__Work task__: Set down exactly, from the records below, the line with "Abra la tapa" through the line with "随着《封神第一部》票房突破1", and nothing else.

__Data for this exercise__:
◇ ◇ ◇ ◇ ◇ ◇ ◇

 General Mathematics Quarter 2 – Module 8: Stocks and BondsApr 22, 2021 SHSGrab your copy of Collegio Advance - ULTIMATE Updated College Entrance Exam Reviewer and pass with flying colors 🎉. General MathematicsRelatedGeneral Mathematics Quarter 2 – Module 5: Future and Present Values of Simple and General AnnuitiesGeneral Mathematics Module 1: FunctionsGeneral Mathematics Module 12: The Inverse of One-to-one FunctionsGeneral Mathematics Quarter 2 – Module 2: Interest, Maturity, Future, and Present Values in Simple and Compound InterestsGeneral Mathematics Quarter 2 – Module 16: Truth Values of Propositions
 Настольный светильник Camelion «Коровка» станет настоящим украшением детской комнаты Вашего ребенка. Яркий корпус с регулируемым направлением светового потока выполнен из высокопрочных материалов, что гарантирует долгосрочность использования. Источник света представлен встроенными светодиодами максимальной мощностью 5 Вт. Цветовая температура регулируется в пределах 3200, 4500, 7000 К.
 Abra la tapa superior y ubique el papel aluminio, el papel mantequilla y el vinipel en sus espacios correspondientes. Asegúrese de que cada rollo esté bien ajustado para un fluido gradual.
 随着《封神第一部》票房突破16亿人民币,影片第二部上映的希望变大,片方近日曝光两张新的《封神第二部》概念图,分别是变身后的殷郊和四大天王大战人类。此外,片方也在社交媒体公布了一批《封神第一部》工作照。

◇ ◇ ◇ ◇ ◇ ◇ ◇

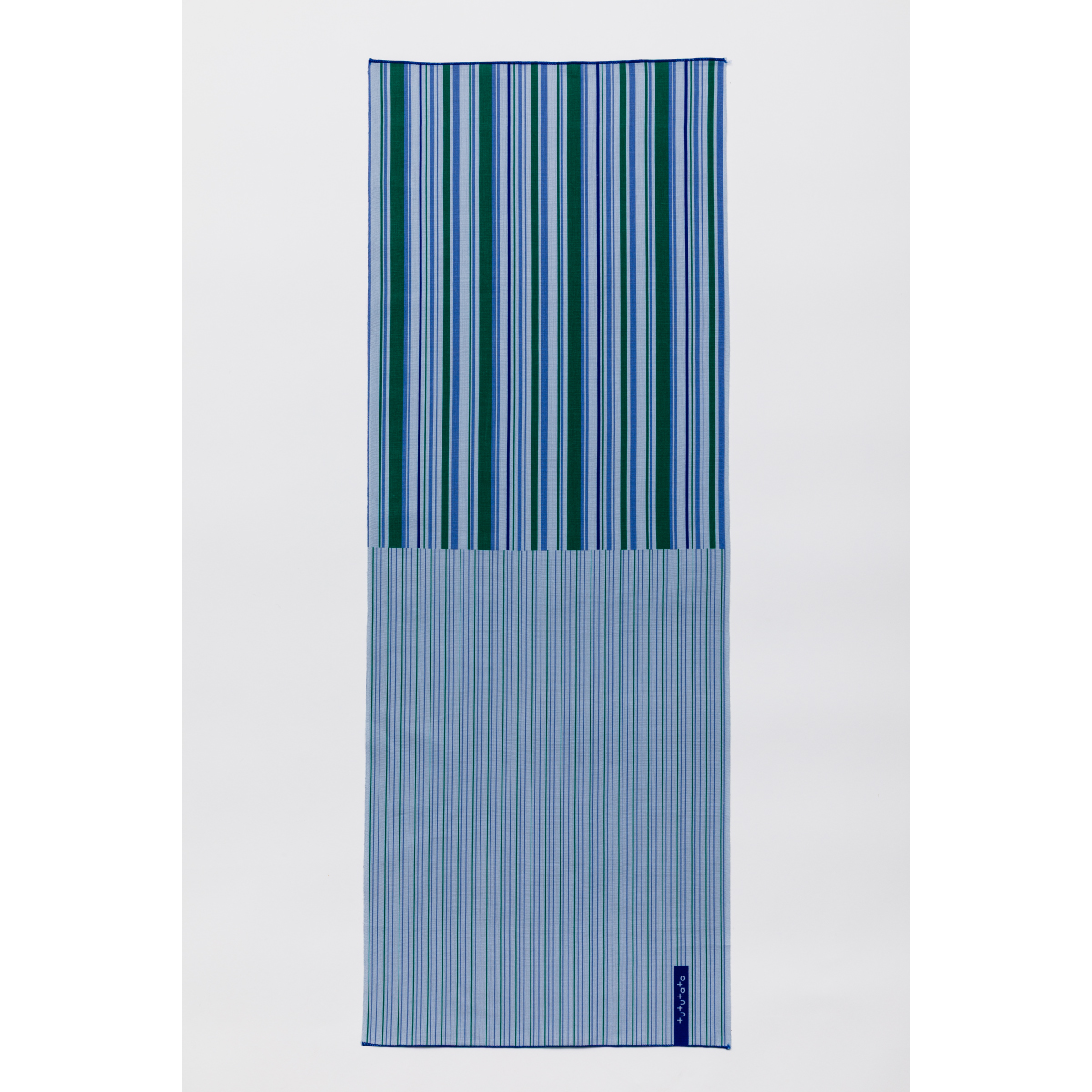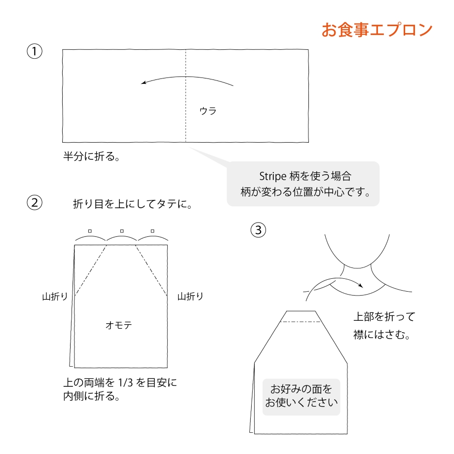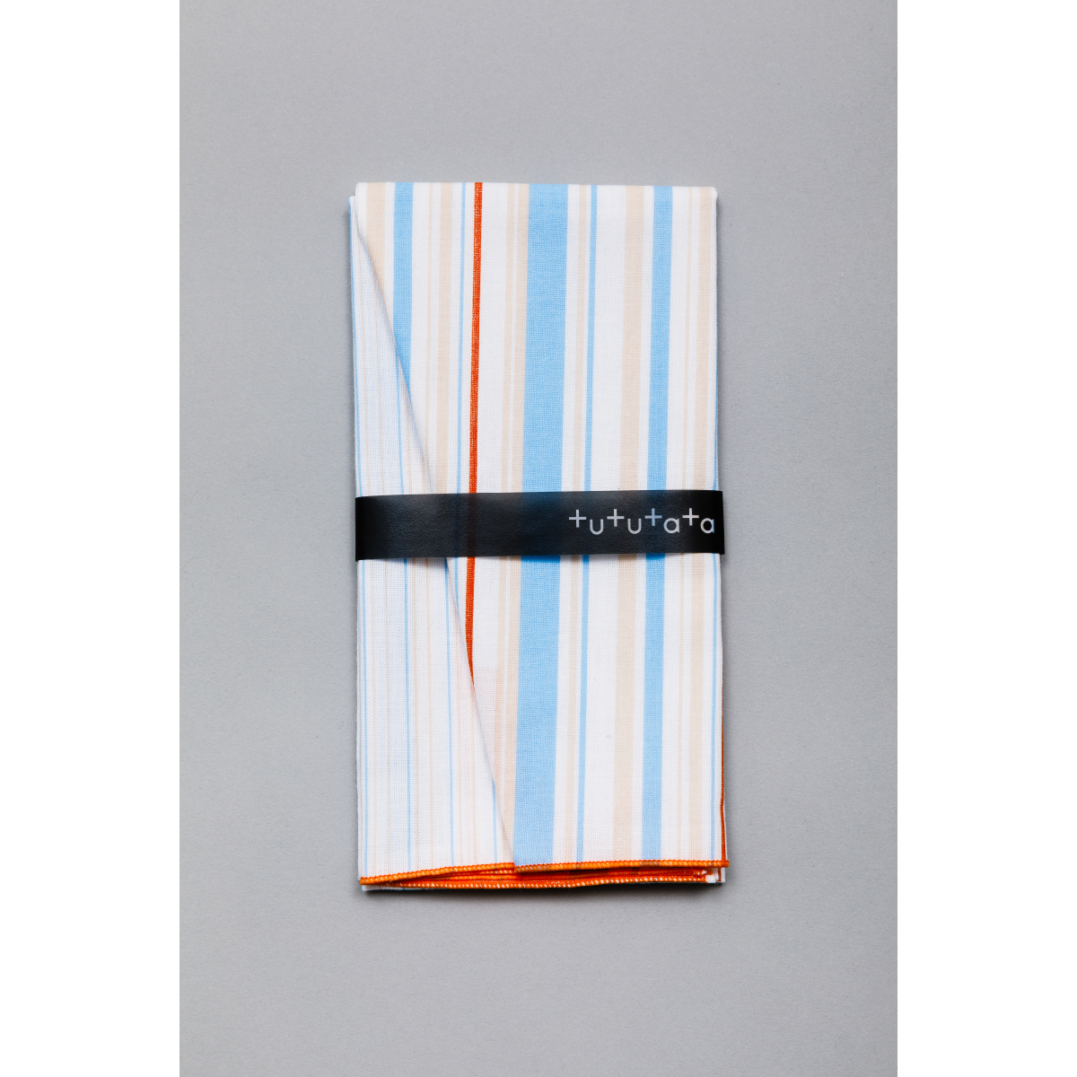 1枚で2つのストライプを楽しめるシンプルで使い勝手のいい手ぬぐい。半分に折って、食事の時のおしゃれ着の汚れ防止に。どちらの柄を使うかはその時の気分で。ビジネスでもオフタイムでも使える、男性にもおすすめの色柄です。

◇ ◇ ◇ ◇ ◇ ◇ ◇

__Exercise answer__:
 Abra la tapa superior y ubique el papel aluminio, el papel mantequilla y el vinipel en sus espacios correspondientes. Asegúrese de que cada rollo esté bien ajustado para un fluido gradual.
 随着《封神第一部》票房突破16亿人民币,影片第二部上映的希望变大,片方近日曝光两张新的《封神第二部》概念图,分别是变身后的殷郊和四大天王大战人类。此外,片方也在社交媒体公布了一批《封神第一部》工作照。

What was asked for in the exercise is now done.